Mihara detailed the story of his teaching of the history of the Japanese American incarceration in person to more than 100,000 people in an interview with Shelly C. Lowe, the chair of the National Endowment for the Humanities, in the latest issue of Humanities magazine.
“In my talks, I have found many people, many young people especially, are not being taught what happened,” Mihara told Lowe. “Once in a while, I’ll hear a response like ‘Oh, I remember hearing something about putting some Japanese into prisons,’ but that’s all they know. They don’t know why. They don’t know what the conditions were. And very few people know that it could happen again.”
Lowe interviewed Mihara about his upcoming appearance at the Japanese American National Museum in Los Angeles to give the Jefferson Lecture, an honor given by NEH to some of the nation’s leading figures in the humanities.
Previous Jefferson Lecturers include playwright Arthur Miller, novelist and social commentator Tom Wolfe, historian Barbara Tuchman, biographer David McCullough and documentarian Ken Burns.
The lecture was originally scheduled for Jan. 15 but has been postponed.

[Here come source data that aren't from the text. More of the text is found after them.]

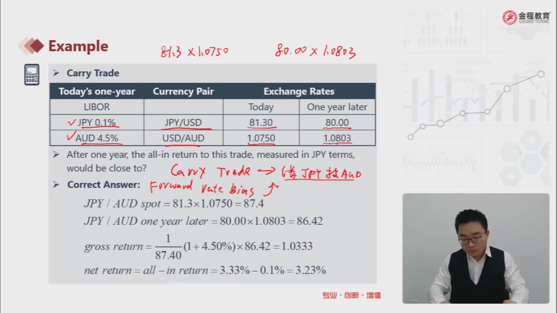 请问老师这里通过交叉汇率计算出spot rate=87.4,forward rate=86.42,那么未来AUD贴水discount,按照低买高卖的理论,应该借入AUD投资JPY,与使用carry
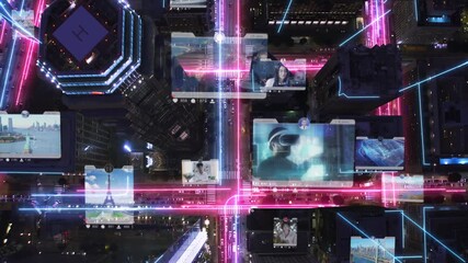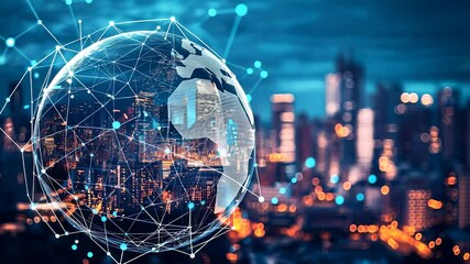 Interactive Cityscape With Network Connections Overlay Videos
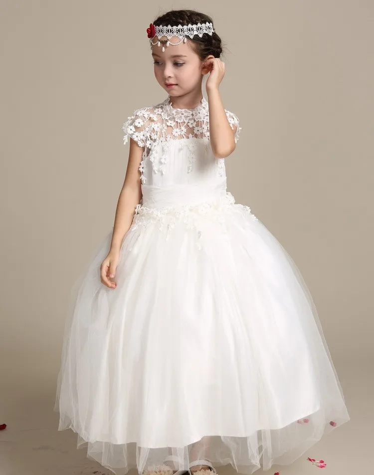 On-time Delivery: If you do not receive your purchase within 60 days, you can ask for a full refund before order completion (when you click "Confirm Order Received" or exceed confirmation timeframe).2018 New Girl Lace Long Dress With Sweet Flower For Age 3-12 Baby Kids Princess Wedding Prom Party White Big Bow Short Sleeve Dress
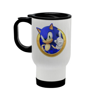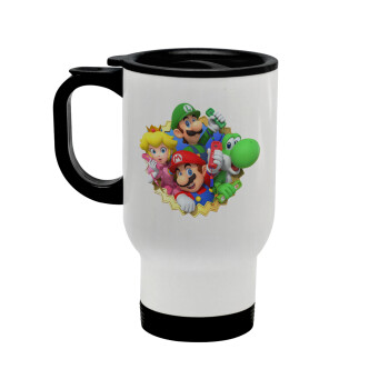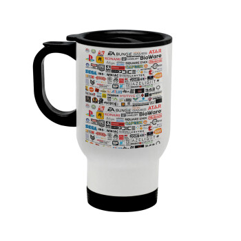 Κούπα ταξιδιού ανοξείδωτη με καπάκι, διπλού τοιχώματος (θερμό) λευκή 450ml με θέμα Gaming
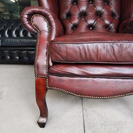 Confortevole poltrona chester chesterfield modello bergere vintage inglese originale in pelle marrone anticato.
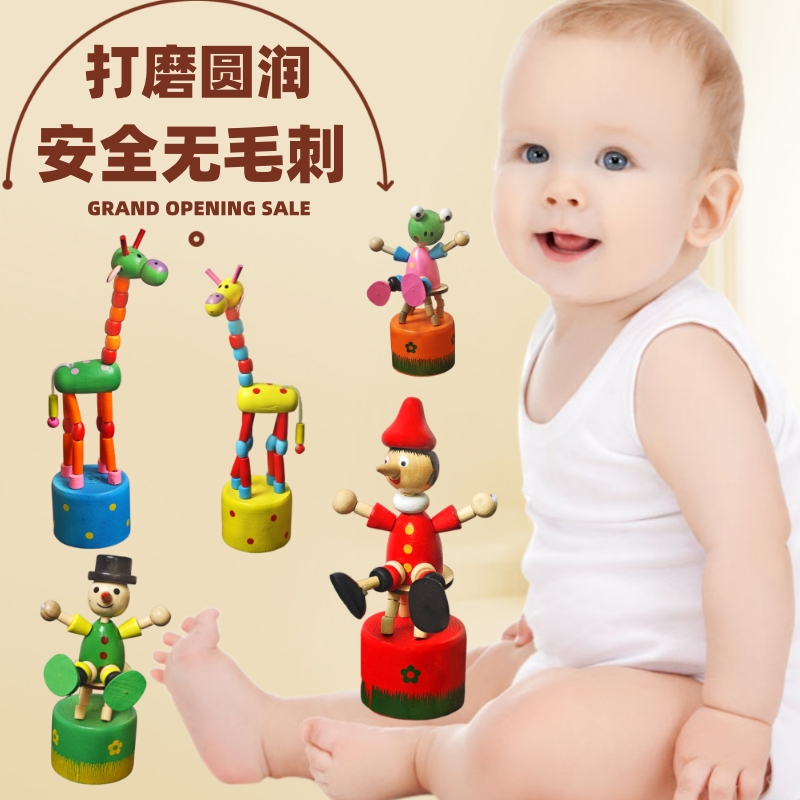 长颈鹿木偶摇摆站桶木制动物手指玩偶公仔玩具迷你可爱跳舞小丑人
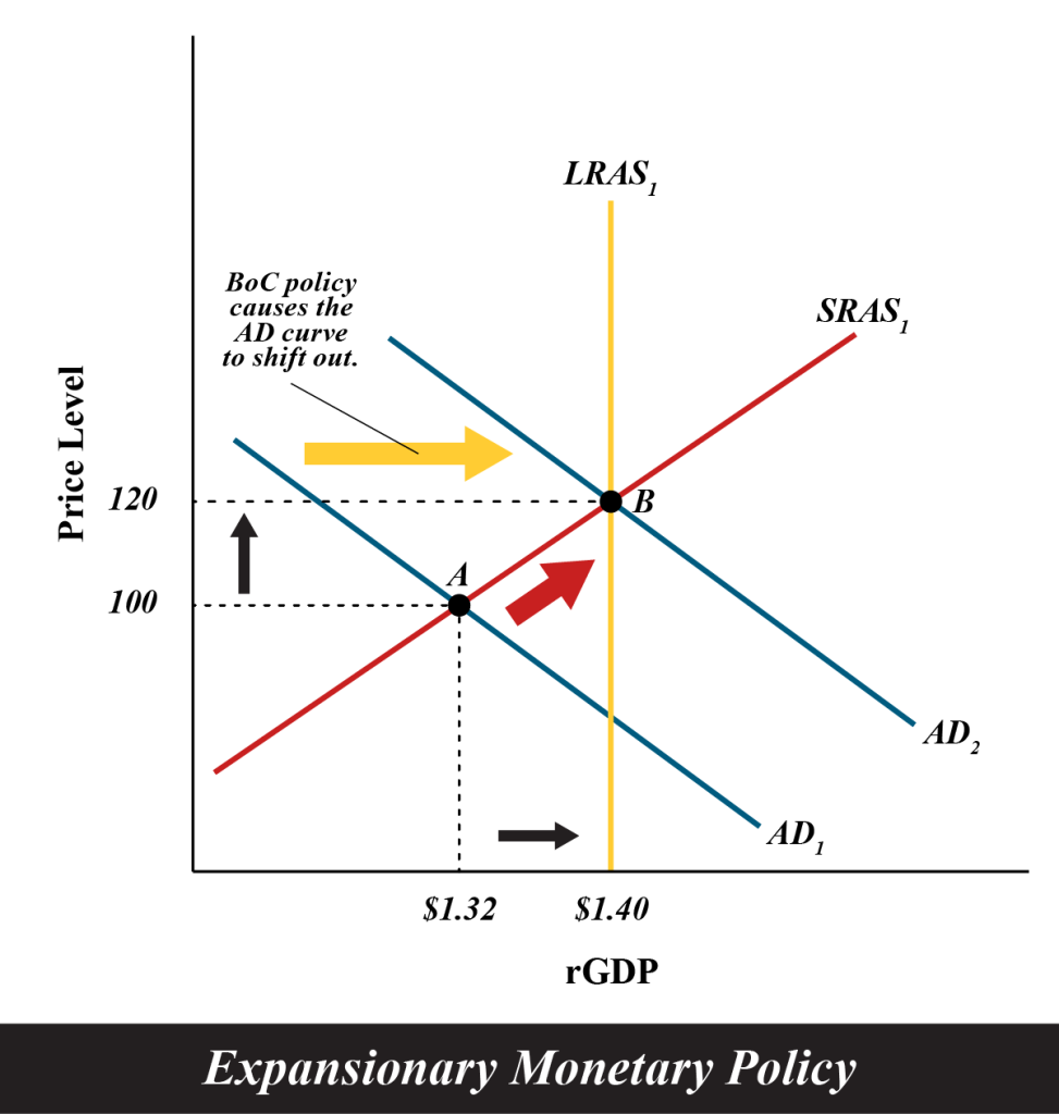 This monetary policy tool of lowering the overnight interest rate target and increasing the money supply through an open market operation of purchasing securities will be conducted when the Bank finds the economy is growing slowly. They adopt this policy to boost economic growth. Therefore, we call this Expansionary Monetary Policy.
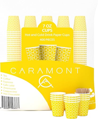 Caramont,7 Oz 400 Gobelets en Carton avec Agitateurs en Bois,Écologique et Jetables,Résistant à la Chaleur,pour la Boisson Froide et Chaude en Carton de Qualité,Ideal pour Café,Thé,Anniversaire,etc.
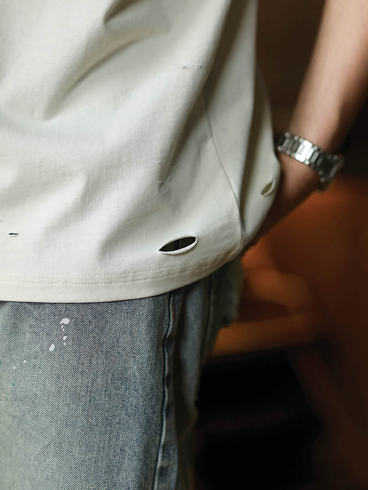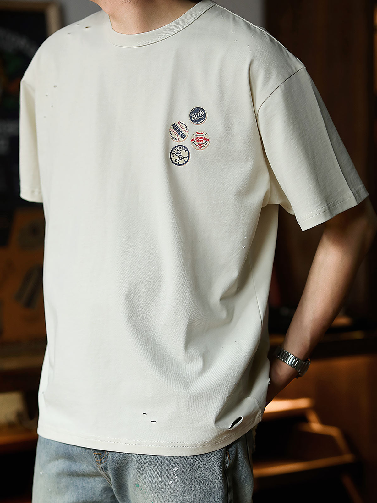 先進的なプリント技術と、手作業によるダメージ加工が施され、各々のTシャツに独特のヴィンテージ感をもたらしています。ミルクティーホワイトの色調と耐久性に優れたダブルステッチのリブが、スタイルと快適性を同時に提供します。

The Heart Mountain Wyoming Foundation, a Smithsonian affiliate, preserves the site where some 14,000 Japanese Americans were unjustly incarcerated in Wyoming from 1942 through 1945. Their stories are told within the foundation’s museum, Heart Mountain Interpretive Center, located between Cody and Powell. For more information, call the center at (307) 754-8000 or email info @heartmountain.org.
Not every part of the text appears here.